== Input data

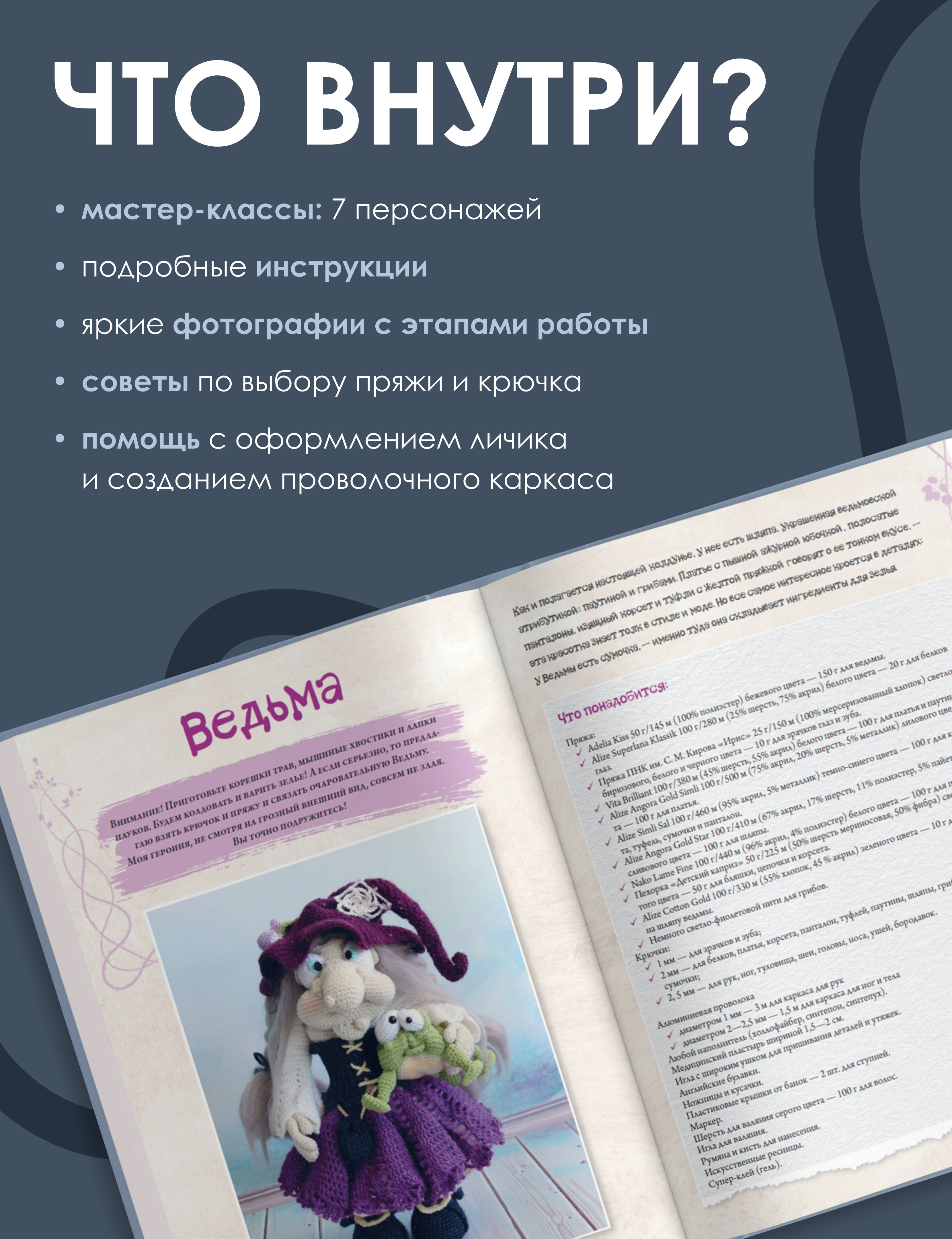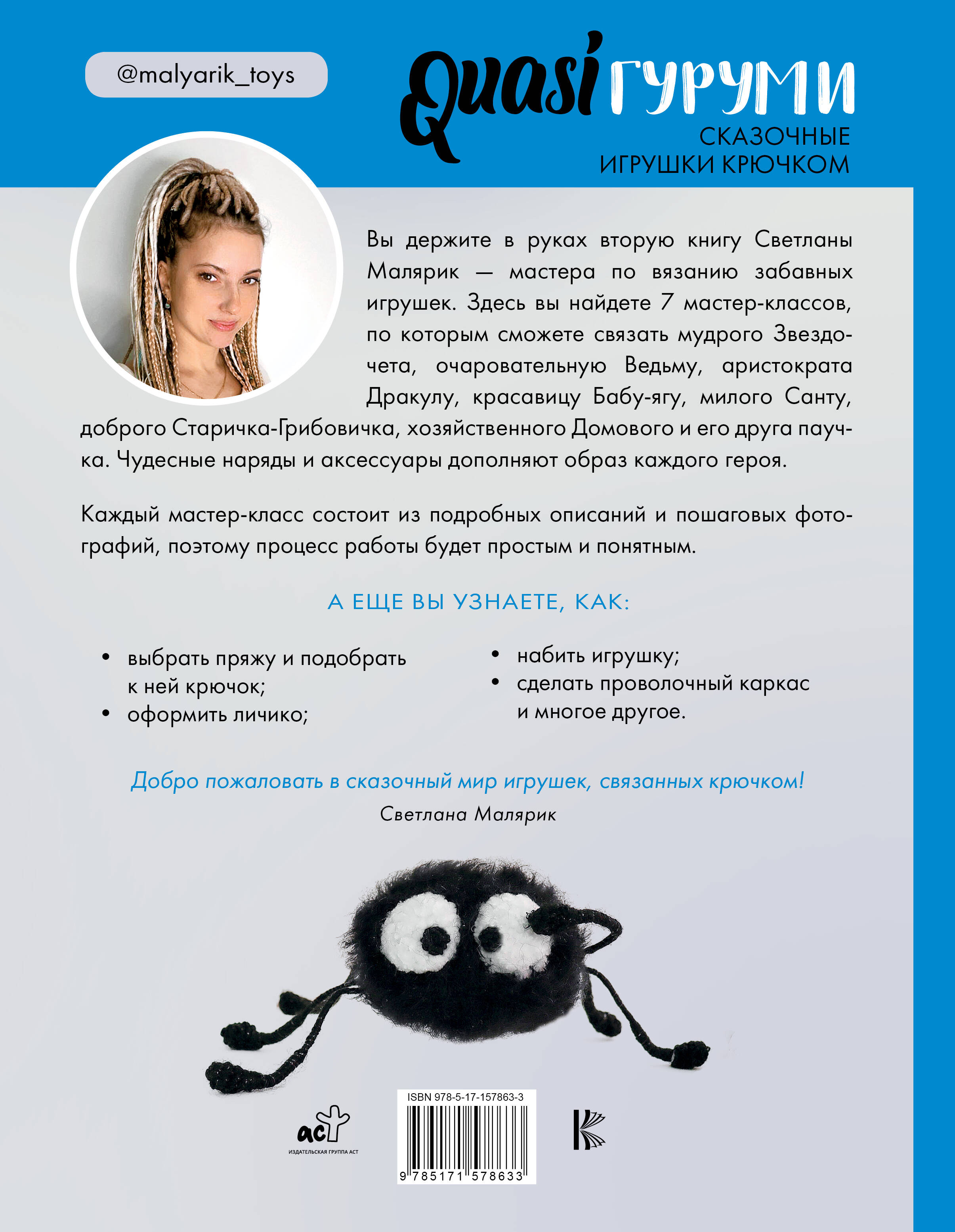 Светлана Малярик - мастер по вязанию забавных игрушек, и это ее вторая книга. Здесь вы найдете 7 мастер-классов, по которым сможете связать мудрого Звездочета, очаровательную Ведьму, аристократа Дракулу, красавицу Бабу-ягу, милого Санту, доброго Старичка-Грибовичка, хозяйственного Домового и его друга паучка. Чудесные наряды и аксессуары дополняют образ каждого героя. Все мастер-классы состоят из подробных описаний и пошаговых фотографий, процесс работы будет простым и понятным. А еще вы узнаете, как выбрать пряжу и подобрать к ней крючок, оформить личико, набить игрушку, сделать проволочный каркас и многое другое.
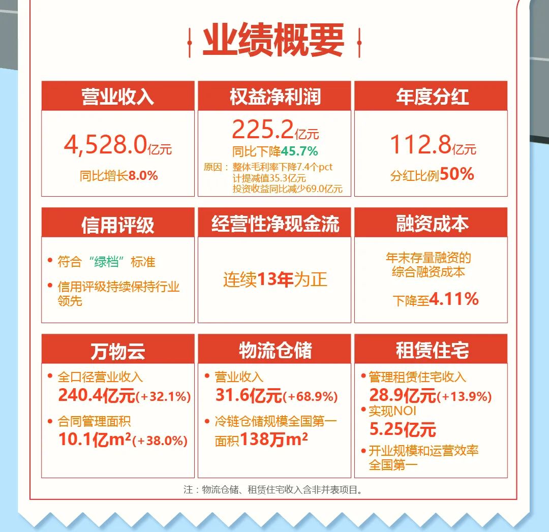 而据年报披露,万科在整体融资环境趋紧的行业背景下,净负债率和融资成本稳定在行业较低水平,扣除预收款项的资产负债率优化至68.5%,三道红线满足绿档达标。
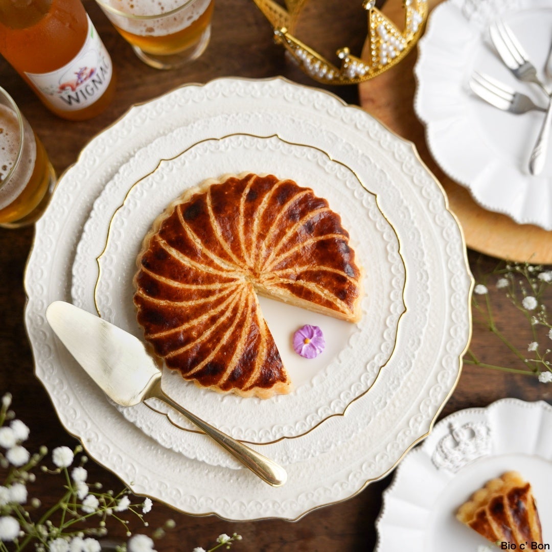 フランスの新年に欠かせない伝統菓子を米粉で作ったグルテンフリーのガレットデロワ。サクサクのパイ生地にアーモンドクリームのハーモニーが絶妙。フェーブの代わりに、有機ローストアーモンドをガレットデロワの中に1つ入れて焼き上げています。

====

▸ **Problem description**
The required answer is an exact copy of the lines from the one containing "而据年报披露,万科在整体融资" through the last line of the material, with the pictures removed.

▸ **Result of the exercise**
 而据年报披露,万科在整体融资环境趋紧的行业背景下,净负债率和融资成本稳定在行业较低水平,扣除预收款项的资产负债率优化至68.5%,三道红线满足绿档达标。
 フランスの新年に欠かせない伝統菓子を米粉で作ったグルテンフリーのガレットデロワ。サクサクのパイ生地にアーモンドクリームのハーモニーが絶妙。フェーブの代わりに、有機ローストアーモンドをガレットデロワの中に1つ入れて焼き上げています。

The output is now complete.